简体   繁体   English

如何从多个 url 中抓取数据并将这些数据保存在同一个 csv 文件中?

[英]How can I scrape data from multiple urls and save these data in the same csv file?

I am using beautifulsoup to scrape the data.我正在使用beautifulsoup来抓取数据。 There are multiple urls and I have to save the data I scrape from these urls in the same CSV file.有多个 url,我必须将从这些 url 中抓取的数据保存在同一个 CSV 文件中。 When I try to scrape from separate files and save to the same CSV file, the data in the last url I scraped in the CSV file is there.当我尝试从单独的文件中抓取并保存到同一个 CSV 文件时,我在 CSV 文件中抓取的最后一个 url 中的数据就在那里。 Below is the piece of code that I scraped the data from.下面是我从中抓取数据的一段代码。

images = []
pages = np.arange(1, 2, 1)
for page in pages:
    url = "https://www.bkmkitap.com/sanat"
    results = requests.get(url, headers=headers)
    soup = BeautifulSoup(results.content, "html.parser")
    book_div = soup.find_all("div", class_="col col-12 drop-down hover lightBg")
    sleep(randint(2, 10))
    for bookSection in book_div:
        img_url = bookSection.find("img", class_="lazy stImage").get('data-src')
        images.append(img_url)  
books = pd.DataFrame(
    {
        "Image": images,
} )
books.to_csv("bkm_art.csv", index=False, header=True,encoding = 'utf-8-sig')

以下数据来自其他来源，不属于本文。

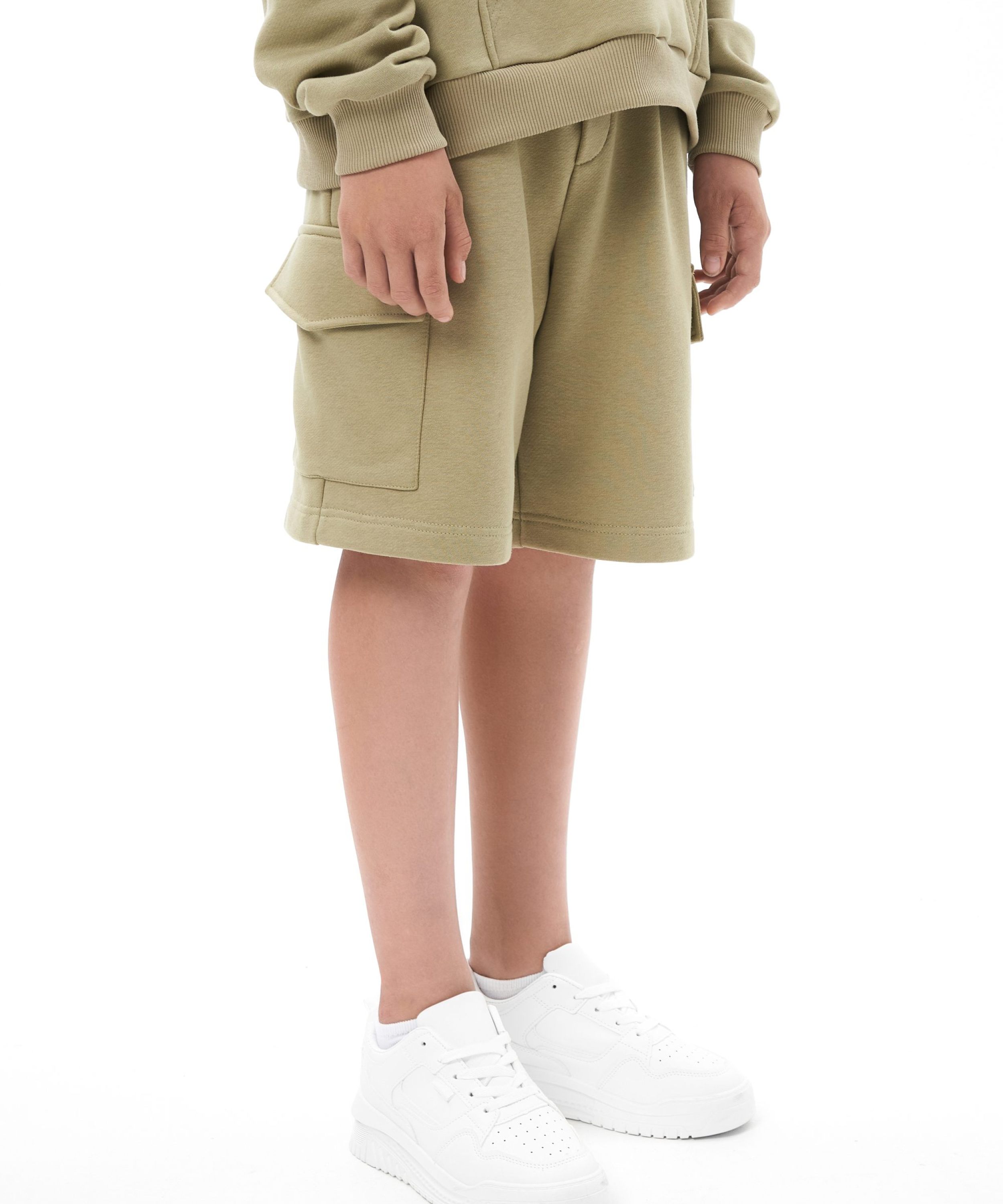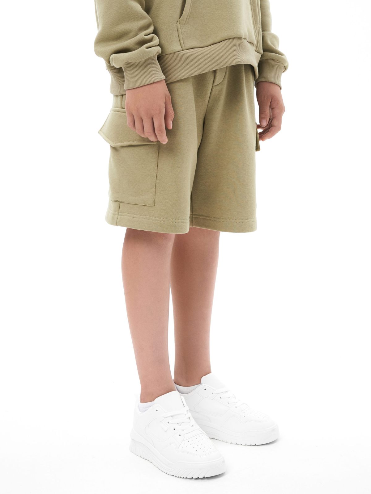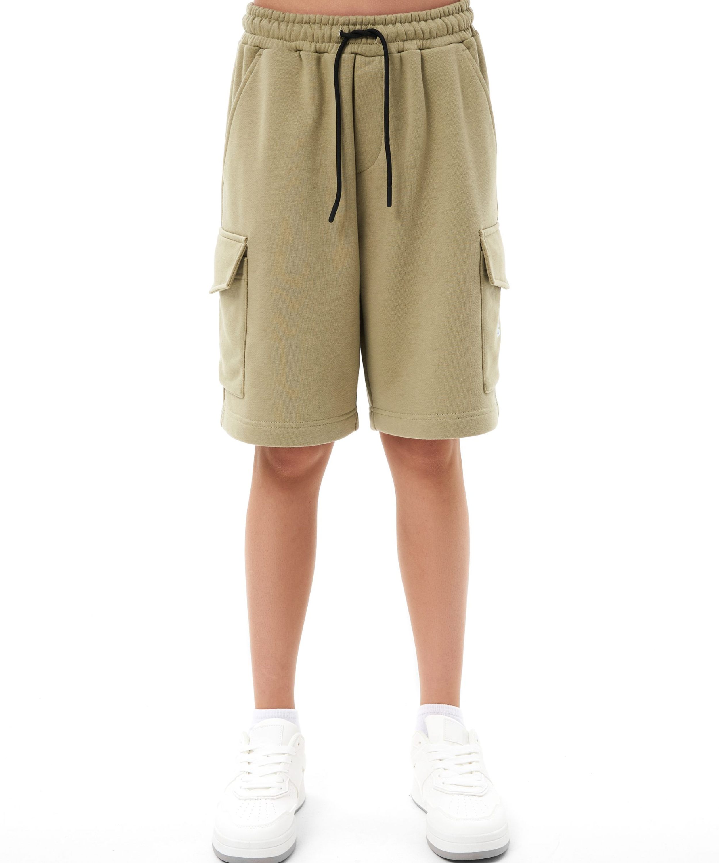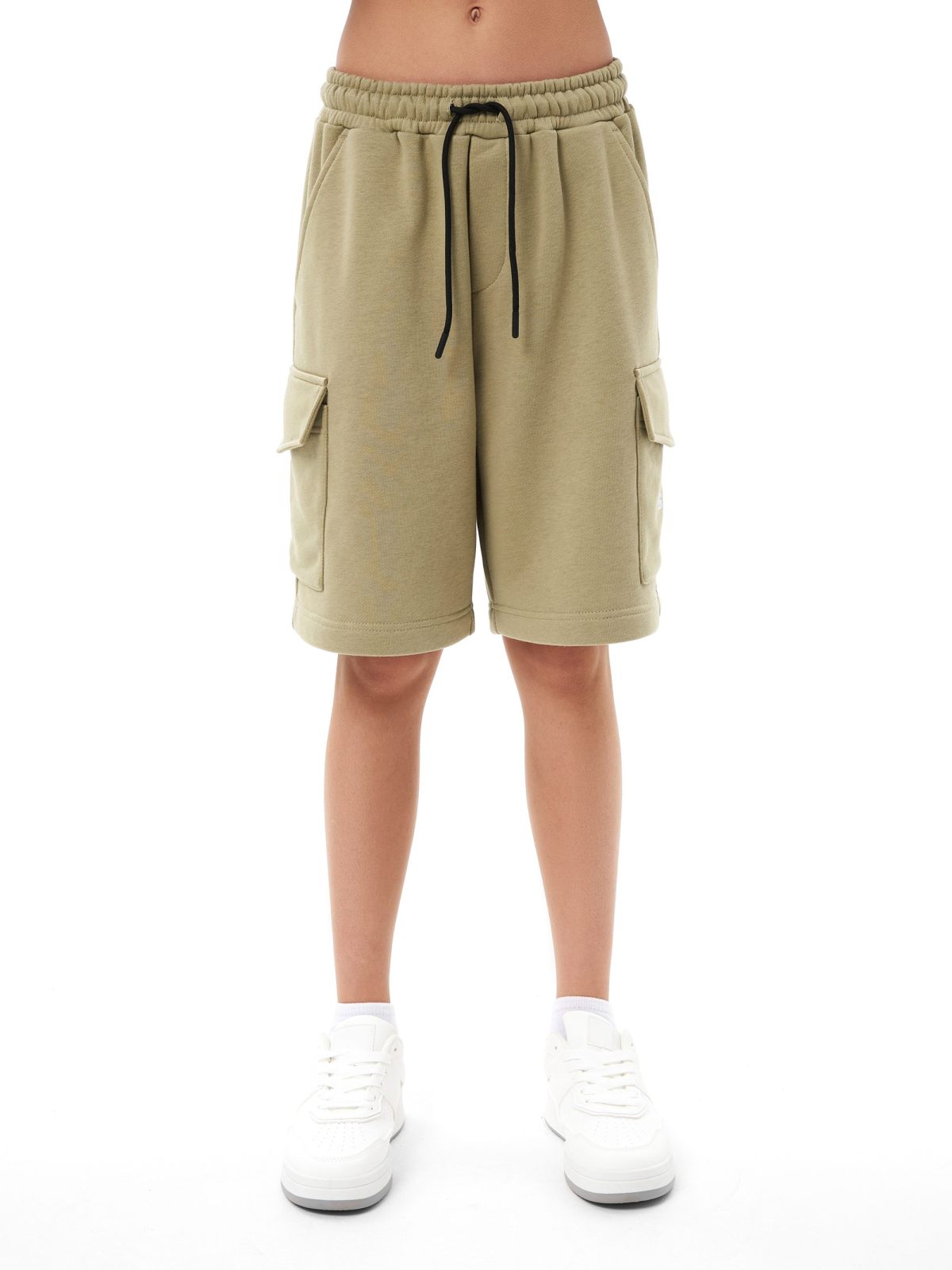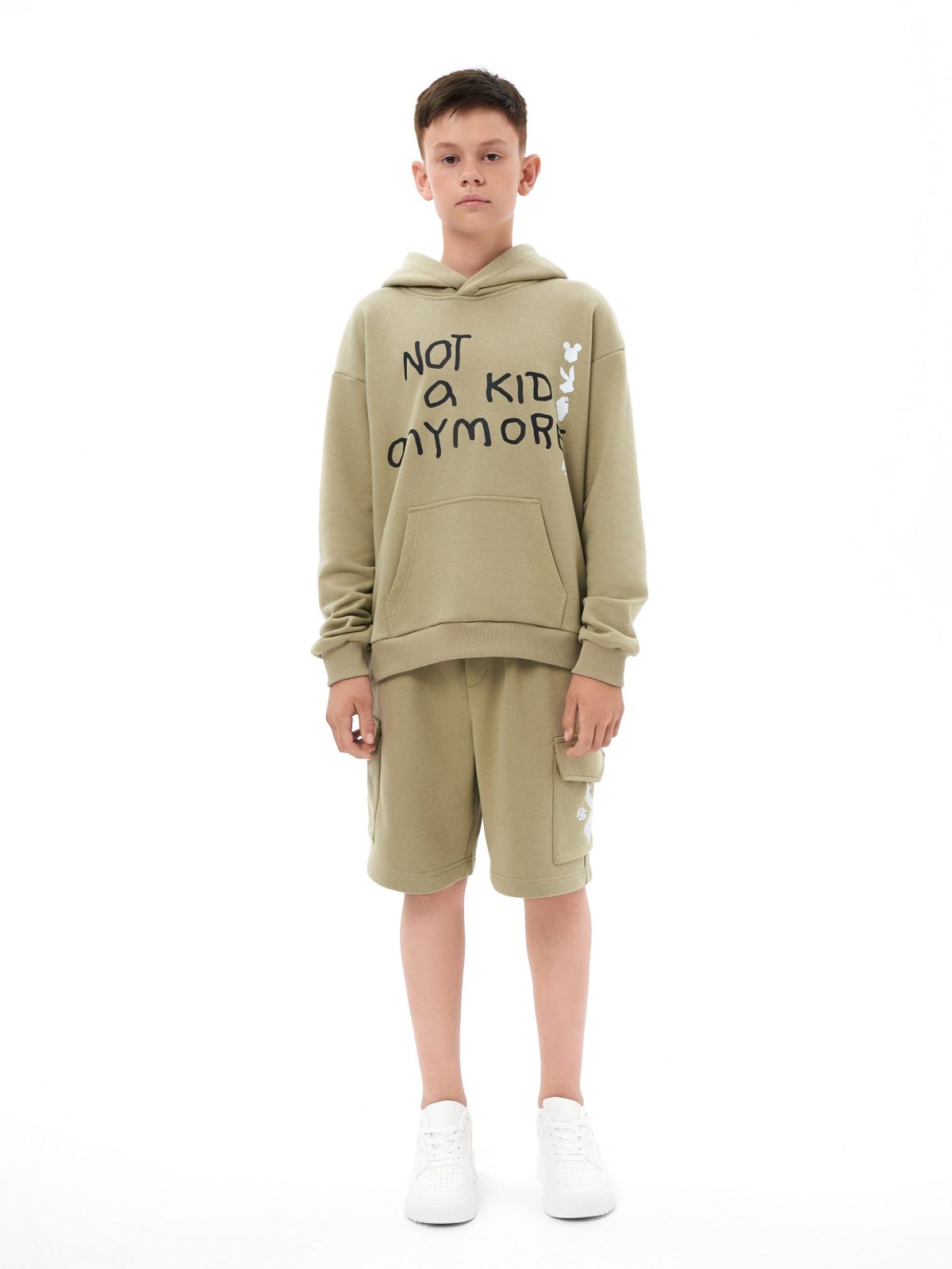 Детские карго-шорты прямого силуэта из коллекции Naka. Выполнены из футера 3х-нитки, в составе которого 92% хлопка и 8% эластана - гипоаллергенного, пропускающего воздух, мягкого и плотного материала. Особенностью модели являются два кармана-портфель на правой и левой ноге, эластичный шнур в поясе для регулировки посадки, а также большой принт с дизайнерским логотипом и символом капсулы "Not A Kid Anymore" - любимым дестким персонажем для тех, кто уже не ребенок! Представлены в трендовом оливковом цвете. Модель создана для комфортного и запоминающегося образа на каждый день.

Your question isn't very clear.你的问题不是很清楚。 When you run this, I assume a csv gets created with all the image urls, and you want to rerun this same script and have other image URL's get appended to the same csv?当你运行这个时,我假设一个 csv 是用所有的图像 URL 创建的,你想重新运行这个相同的脚本并将其他图像 URL 附加到同一个 csv? If that is the case, then you only need to change the to_csv function call to:如果是这种情况,那么您只需将to_csv function 调用更改为:

books.to_csv("bkm_art.csv", mode='a', index=False, header=False ,encoding = 'utf-8-sig')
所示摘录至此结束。